On Fri, 16 Feb 2018, Riccardo (Jack) Lucchetti wrote:
On Wed, 14 Feb 2018, Allin Cottrell wrote:
> On Wed, 14 Feb 2018, Sven Schreiber wrote:
>
>> we have vaguely mentioned some slowness of (GUI) gretl, but we (or I)
>> haven't been able to pin things down. Maybe I now have something
>> reproducible (on Windows 7 here, latest snapshot):
>>
>> 1) start gretl
>> 2) open a dataset (don't know whether that's necessary)
>> 3) open the console window (via toolbar button)
>> 4) click on a menu
>> -> It takes a noticeable time for the menu to open/unfold, and also when
>> changing to a different menu.
>
> I'm not really seeing a problem on Linux, but the console enters a wait
> loop to respond to commands and maybe the way that loop was defined was not
> allowing sufficient cycles for updating the GUI. I've made a change that
> might help in my working copy but unfortunately I can't push it right now
> as sourceforge git access isn't working.
Hm. I guess you mean
<diff>
@@ -436,10 +436,11 @@ static int console_get_line (void *p)

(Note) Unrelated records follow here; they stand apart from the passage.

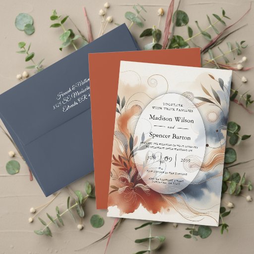 Convite Terracotta Twilight e Marinho Blooms Casamento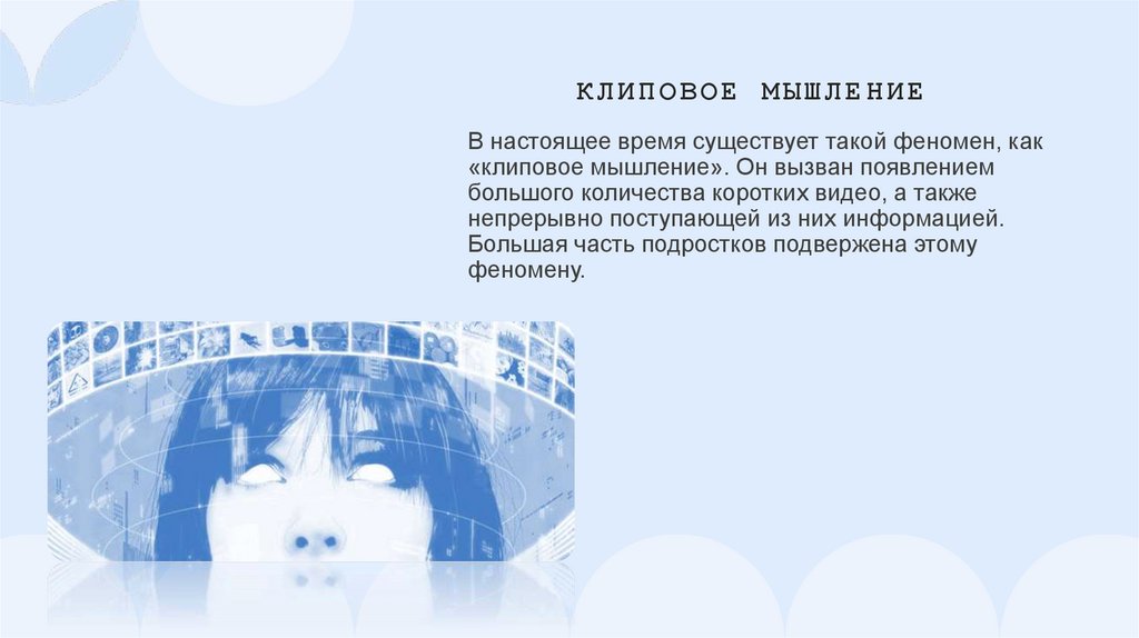 КЛИПОВОЕ МЫШЛЕНИЕВ настоящее время существует такой феномен, как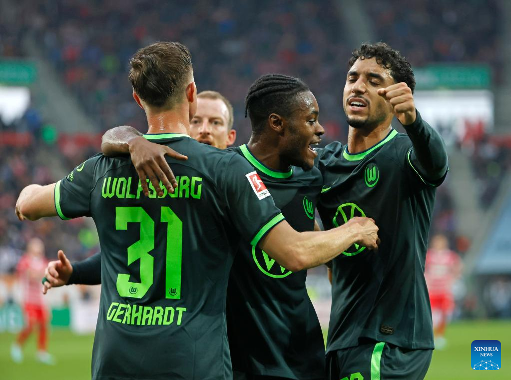 Yannick Gerhardt (1st L) of Wolfsburg celebrates scoring with his teammates during the German first division Bundesliga football match between FC Augsburg and VfL Wolfsburg in Augsburg, Germany, Oct. 8, 2022. (Photo by Philippe Ruiz/Xinhua)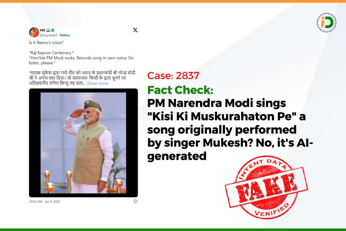 A video is circulating with the claim that Indian PM Narendra Modi is singing the song “Kisi Ki Muskurahaton Pe,” originally performed by Mukesh. However, this claim is false—the voice in the video is AI-generated and not related to reality.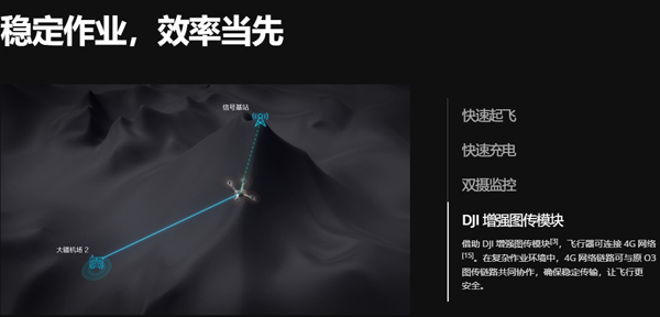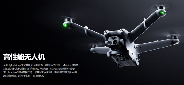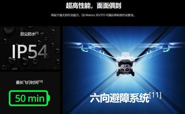 在無風環(huán)境下,DJI Matrice 3D 系列無人機以 54 公里/小時的速度勻速飛行于 20 米海拔高度至剩余 0% 電量時測得此數據。在不同的外部環(huán)境、使用方式、固件版本下,結果或有不同程度的差異,請以實際體驗為準。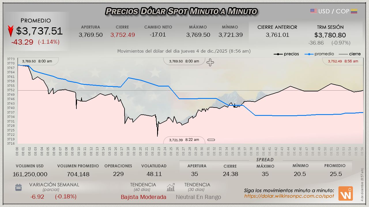 En el recién iniciado mercado SPOT del jueves, el dólar observa un descenso continuado desde la apertura, a un precio corriente de $3,761.00, con un margen por debajo de la Tasa Representativa del Mercado (TRM), inferior en $-19.80 pesos (aumentando las pérdidas de la sesión anterior), la TRM en cuestión establecida en $3,780.80 para la sesión.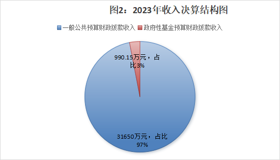 2023年本年收入合计32640.15万元,其中:一般公共预算财政拨款收入31650万元,占97%;政府性基金预算财政拨款收入990.15万元,占3%。
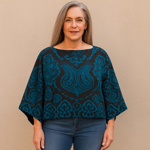 Paisley Patterned Knitted Layered Shawl Poncho Blue Black Medium Large XL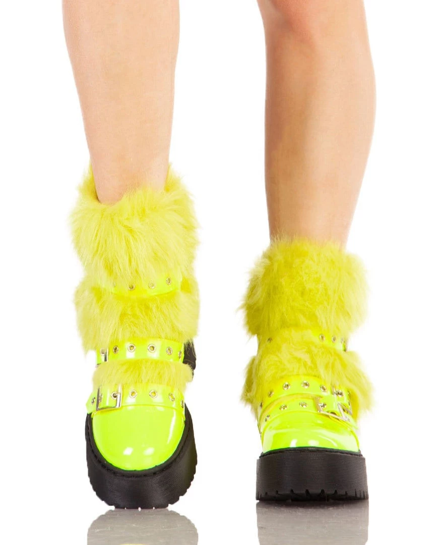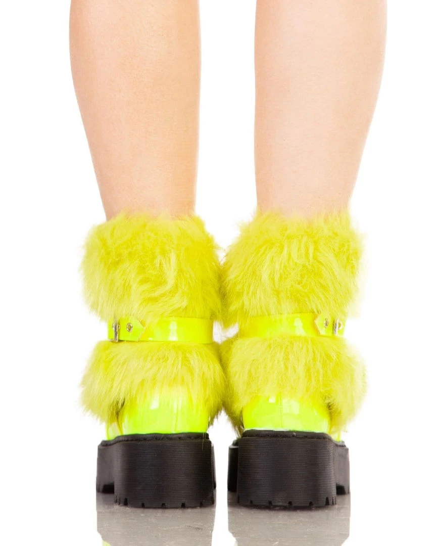Make a wild statement and stomp into the night in our Issa Mood Furry Boots. These stylish ankle-length booties will have you feeling some type of way with their bold yellow color, the tough buckle details, and the fluffiest yellow fur as the cherry on top!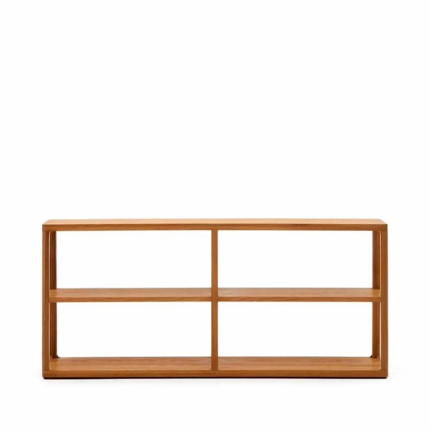 Das Regal Maymai von Kave Home verkörpert die natürliche Schönheit des Eichenholzes in einem puristischen und robusten Design. Genießen Sie die zeitlose Eleganz dieses Wandregals, das jeden Raum mit edlen Materialien und minimalistischem Flair bereichert. Das Regal Maymai mit seinen verstellbaren Beinen bietet Flexibilität und die natürliche Eichenstruktur mit Bürsteneffekt verbreitet einen eleganten Touch.
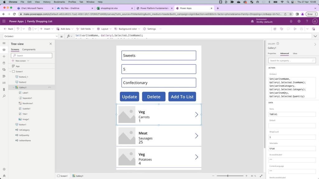 - In Power Apps, open your family shopping list app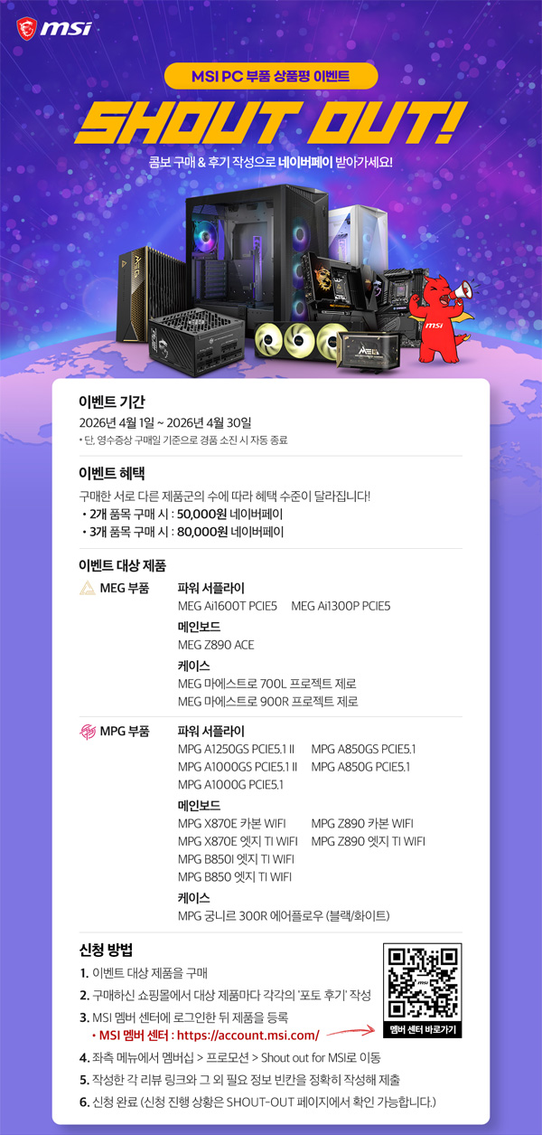먼저 4월 30일(목)까지 진행되는 ‘ShoutOutfor MSI’는 MSI의 인기 메인보드, PC 케이스, 파워 서플라이를 구매하고 사용기를 작성한 고객에게 네이버 페이를 증정한다. 특히 서로 다른 제품군을 2개 구매 시 5만 원, 3개 구매 시 최대 8만 원의 혜택을 받을 수 있어 합리적인 구매가 가능하다.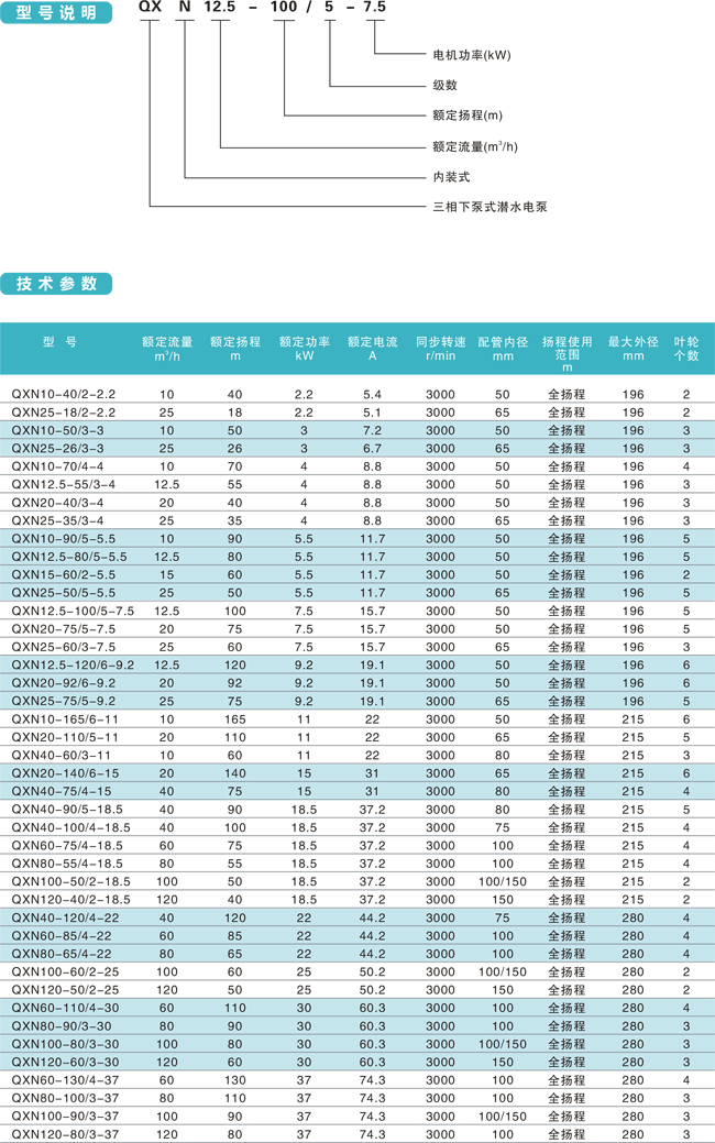 全揚程內(nèi)裝式潛水電泵使用條件及性能參數(shù)

/* wait for a command to be entered via the console */
while (!command_entered) {
- if (gtk_events_pending()) {
+ /* 2018-02-14: was "if" rather than "while" below */
+ while (gtk_events_pending()) {
gtk_main_iteration();
}
- g_usleep(1000);
+ /* g_usleep(1000); */
}
command_entered = 0;
</diff>
After pulling this in, my gretl_x11 uses 100% of one CPU when the console is
open.
Yes, I just noticed that myself! There's what I think/hope is a
proper fix in git now. The wait-loop in the console code was, as it
now seems to me, an artifact associated with my attempt back in 2009
to implement interactive debugging of functions via the console. But
that code never got beyond the half-baked stage so I've removed it
all, and the console should now have a much lighter CPU footprint.
The "debug" command for functions will still work (to the extent it
ever did) in gretlcli, but (for now) not in the GUI console.